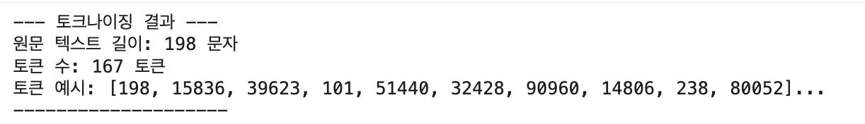 tiktoken라이브러리를 사용하여 토크나이징할 수 있다.# 모델에 따라 인코딩 방식이 다를 수 있음. 여기서는 'cl100k_base'를 사용. import tiktoken # 예시 텍스트 text = """ AI 온라인 서점입니다. 고객님의 소중한 문의에 감사드립니다. 배송 정책에 대해 안내해 드리겠습니다. 일반 도서의 경우 오후 3시 이전 주문 시 당일 발송됩니다. 주말 및 공휴일은 배송이 어렵습니다. 제주 및 도서 산간 지역은 추가 배송비가 발생할 수 있습니다. 주문 번호 order-123의 배송 상태를 조회하시려면 마이페이지에서 확인 부탁드립니다. """ encoding = tiktoken.get_encoding("cl100k_base") tokens = encoding.encode(text)
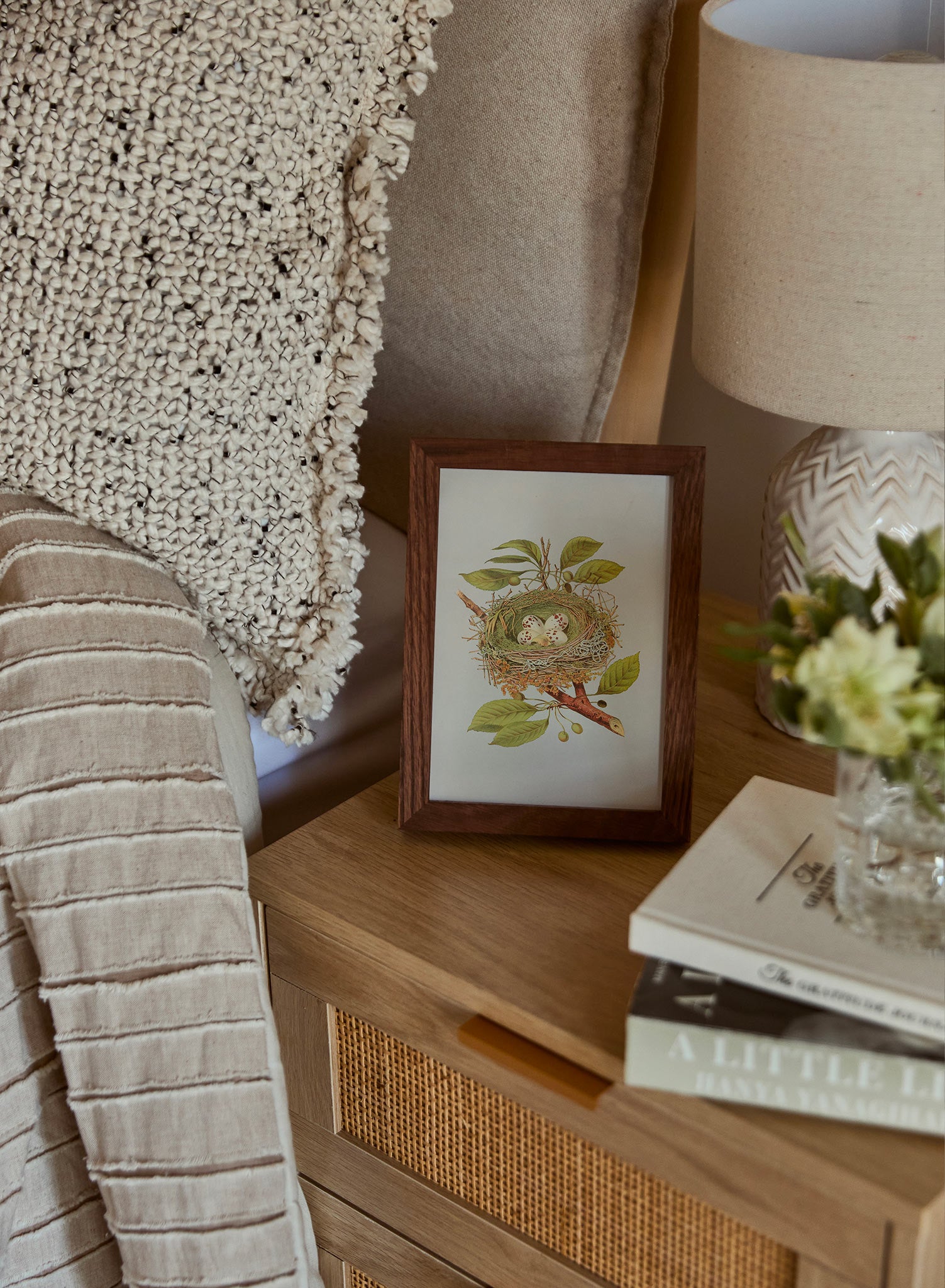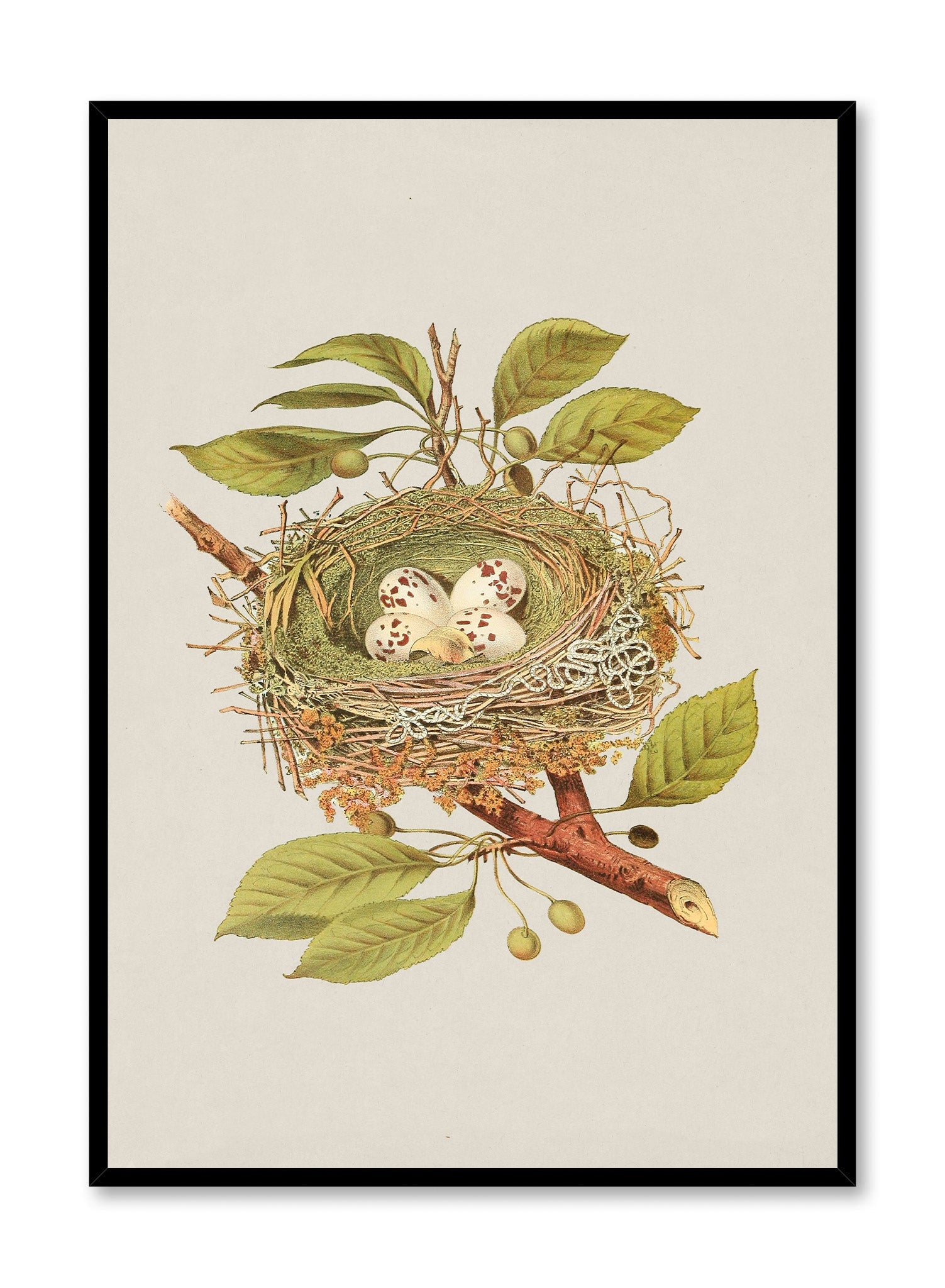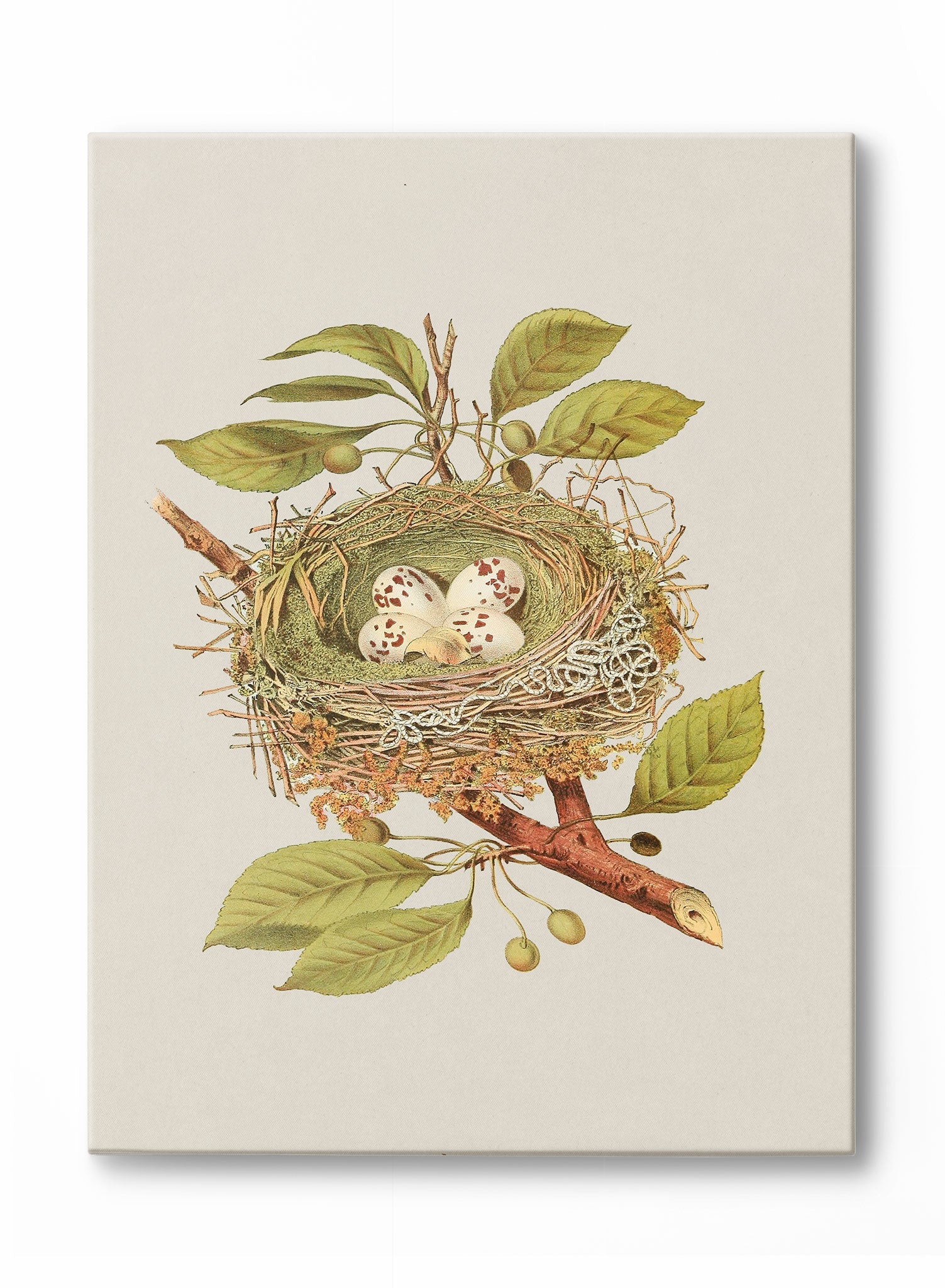 A vintage-inspired botanical nest, meticulously illustrated with speckled eggs, is beautifully captured in this nature-themed print. The intricate details of the leaves, branches, and textures lend the entire composition a lifelike quality, set against a soft, creamy backdrop.
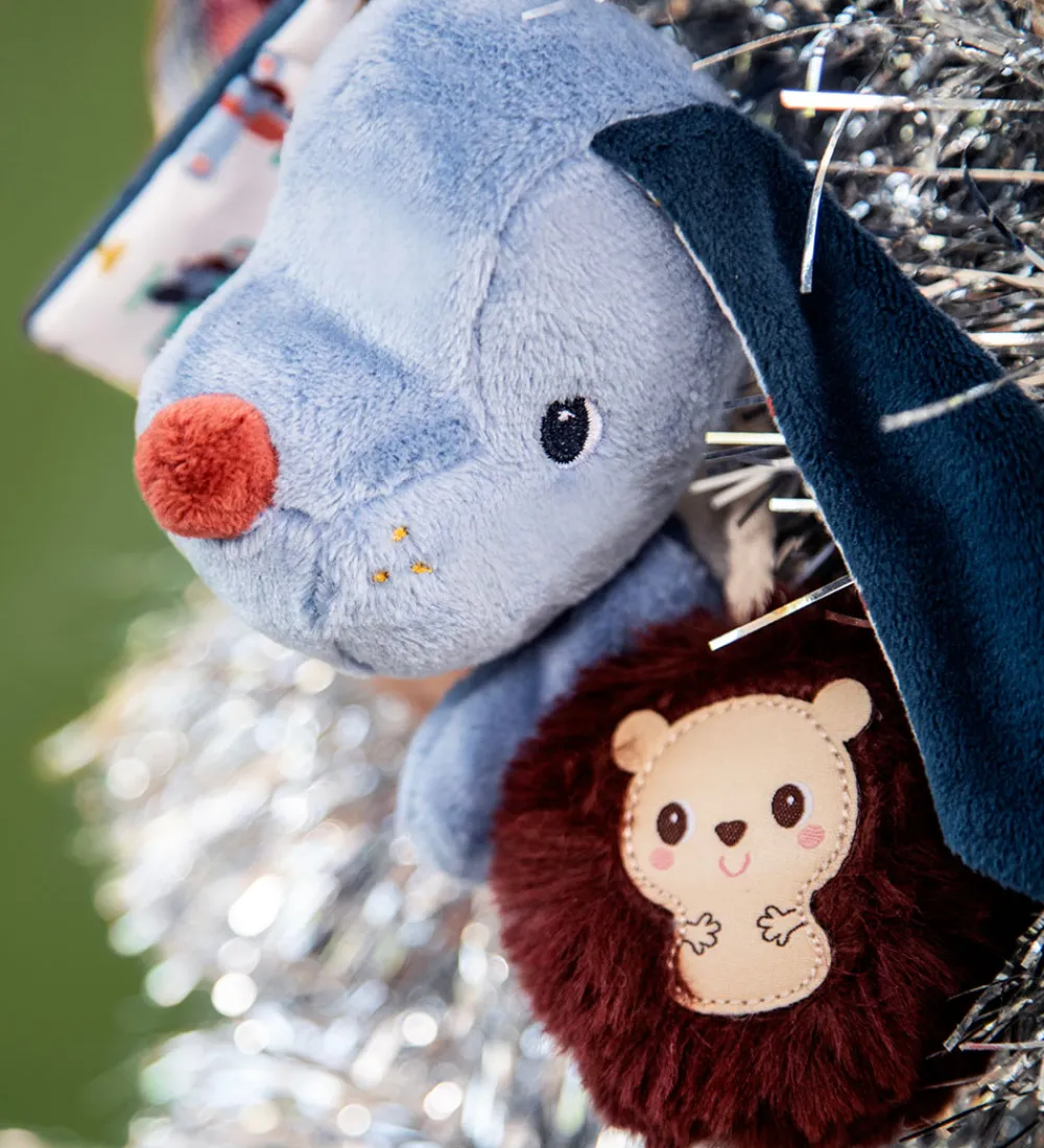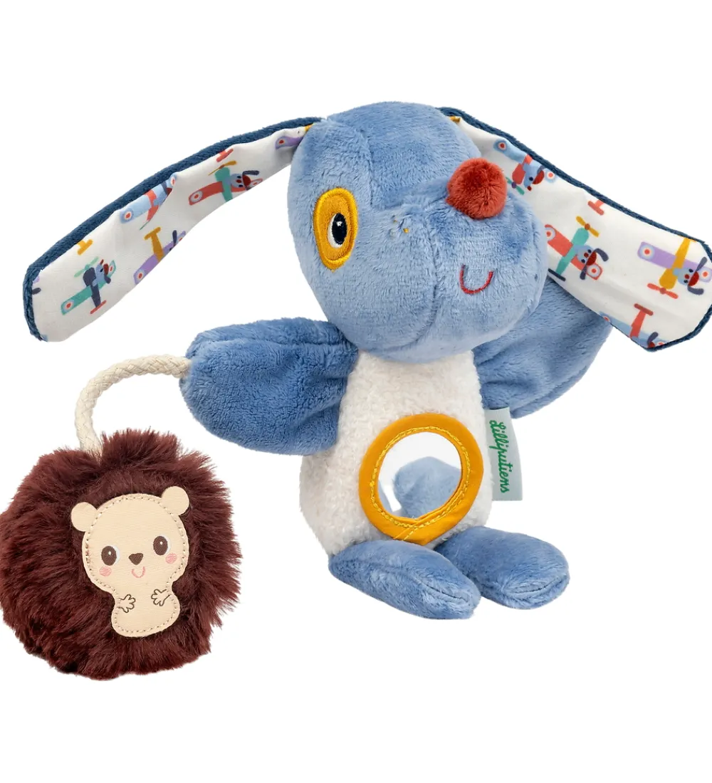 Herligt Lilliputiens aktivitetslegetøj i form af hunden Jules i blå og hvid med mønstrede ører og et spejl på maven. Når man ryster den siger den en beroligende raslelyd. Jules har en snor med et fantasidyr i hånden, som siger en knitrende lyd.

§ YOUR INSTRUCTIONS: The material must be returned exactly, with its pictures omitted.

§ RESULT FOR THIS EXERCISE:
 tiktoken라이브러리를 사용하여 토크나이징할 수 있다.# 모델에 따라 인코딩 방식이 다를 수 있음. 여기서는 'cl100k_base'를 사용. import tiktoken # 예시 텍스트 text = """ AI 온라인 서점입니다. 고객님의 소중한 문의에 감사드립니다. 배송 정책에 대해 안내해 드리겠습니다. 일반 도서의 경우 오후 3시 이전 주문 시 당일 발송됩니다. 주말 및 공휴일은 배송이 어렵습니다. 제주 및 도서 산간 지역은 추가 배송비가 발생할 수 있습니다. 주문 번호 order-123의 배송 상태를 조회하시려면 마이페이지에서 확인 부탁드립니다. """ encoding = tiktoken.get_encoding("cl100k_base") tokens = encoding.encode(text)
 A vintage-inspired botanical nest, meticulously illustrated with speckled eggs, is beautifully captured in this nature-themed print. The intricate details of the leaves, branches, and textures lend the entire composition a lifelike quality, set against a soft, creamy backdrop.
 Herligt Lilliputiens aktivitetslegetøj i form af hunden Jules i blå og hvid med mønstrede ører og et spejl på maven. Når man ryster den siger den en beroligende raslelyd. Jules har en snor med et fantasidyr i hånden, som siger en knitrende lyd.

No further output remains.